隔着冰冷的玻璃,黎梨瞧不出他语气,似乎也想不明白这有什么好问的。
显而易见的事。
她上面不是说了么,奶茶加赔款。
黎梨长摁删除清空输入栏,打算重新写,半晌后,像是嫌麻烦,索性学着他,礼尚往来点了录音。
知道他不缺钱,她没个正形,说得既轻快又挑逗:“当然是姐姐我心情好啊。”
“怎么样,感受到来自梨公子的宠爱了吗?”
“……”
黎梨眼睛眨了眨:“快收嘛。”
“理由。”他言简意赅,那边隐约传来窸窸窣窣的声响。
黎梨脑筋转了转,胡扯:“你难道没发现吗?我转的数目都是有寓意的。”
“嗯?”他难得有耐心。
“要不你读一读数字呢?”
“……不。”他拒绝得快。
黎梨惊讶,她还以为他不懂这些。
正要打马虎眼过去,他却问:“你直说就好,数字是什么意思?”
两人你来我往发着语音。
系统已经自动变成默认播放。
“?”黎梨茫然。
思前想后,她不敢贸然耍宝,便先挑了个没那么过分的,解释:“比如……”
“这个880,读出来谐音就是,抱抱梨。”
黎梨笑嘻嘻补充:“这是好朋友之间的寒暄方式,也是我黎梨专属的交友仪式。”
“如果你收下,就代表,我们友谊的小船将从今天起,正式地扬帆启航。”
她顿了顿,夹起嗓子学:“准备好了吗?泰罗。”
“你好,我是好朋友迪迦。让我们一起出发去拯救地球吧。”她拽洋文:“gogogo~”
张言之:“……”
“还不收吗?”
等了几分钟,还不见他有动静,黎梨有些泄气。
“那另一个呢?”他避而不答。
黎梨当即认清楚局势,赌气不言语了。
“520……”
过了两分钟,他开口,平铺直叙:“这个,通常代表什么含义?”
“……”恼羞成怒的后劲上头。
此话一出,黎梨终于确定:他分明是在明知故问!
意识到被戏弄,她恨恨磨了磨牙:“意味着——”
她顿了顿。
“谁领谁是我儿子。”
“嗯?”
异口同声。
两条新消息同时出现在对话框。
下一秒。
黎梨手机震了震,空白界面出现一行灰字:“饼干警长撤回一条消息”。
随后,提示跳出来。
【转账880|朋友已确认收款】
【转账520|朋友已退还金额】
黎梨:“……”
她回过神:“干嘛只收一个?”
“和你开玩笑的。”收起打趣的心思,黎梨正色道:“这些本来就是你的钱。”
“一千元是我该赔的。”她严肃地说:“另外那两杯奶茶,都是买一送一的活动,你也不用多放在心上。”

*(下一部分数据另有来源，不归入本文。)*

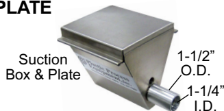
Suction Box & Plate

Stainless Steel Suction Box conveys material out of Material Storage Bins. Requires cutting or drilling by customer. Part No. 200206 ..... $300.00 ea.

她又发起转账,并备注:【仅还款需要,无任何不良引导】。
对面没再回。
“你收了吧,迪迪。”黎梨叹了口气,转成语音,强压着性子哄:“你要是不收的话,我会愧疚。”
“你不是知道?咱俩之间的关系还没熟到让我能心安理得花你钱的份上呢。”
“……”面对他长时间的装死行为。她耐心告罄。火气一蹿,就扬言威胁:“收不收?不收绝交!”
他这次倒是秒回。只不过,没再陪她聊语音,而是打了字,恢复成正常的高冷嘴脸:【不是不熟?】
“……没说不熟。”
不知怎地,单看着这无波无澜四个字,外加一个符号,黎梨气焰瞬间就弱了下来,柔声解释。
“是不太熟。”她这么说。
至少没好到,麻烦你给我善后的程度。
对话陷入沉默僵局。
黎梨指尖悬停在按键正上方,碰了又松,过一会儿又去触,终究还是没想好该说什么。
天好像被她聊死了。
黎梨沮丧。
良久,他拨电话过来。
失神的黎梨被突兀的铃声惊醒,吓一跳,慌乱中点到挂断。
“……”
怕他误会,黎梨赶紧回拨。等待嘟声漫长,她内心忐忑。
似乎过去了很久。但其实,不过短短几秒。
她听见“滴——”的一下。
电话接通。
紧接着,还没等她想好开场白。
他就先她一步。
出了声。
“我们。”
“难道不是朋友么?”
……
下午连着两节选修。
公开课,大讲堂。
窗帘紧闭,黑压压一片,坐满了人。
周遭空气闷热。
老师讲课的声线平而缓,直听得人昏昏欲睡。
黎梨全程低着头,缩在角落里,走神玩手机。
旁边沈沐瞥了她好几眼。
“好,那我们这节课暂时上到这里。”
台上教授结束了幻灯片放映,随意招了招手:“班助上来点到吧。”
许家明颔首,笑着起身。
他几步走到讲台,躬身,单手扯了话筒,对着名单一个个报名字。
前排几个女生看见他,只一个眼神,脑袋就默契凑到了一处,嘀咕着聊天。
声音不大,却胜在清晰,字句不差地传进了后座黎梨耳中。
“你们有没有觉得,咱们班助真挺帅?”
“这要你说?表白墙常驻嘉宾,以为闹着玩的?”
“诶,班助他也被挂过表白墙吗?但我怎么记得前段时间,只看见了‘徐一迪’这个名字。”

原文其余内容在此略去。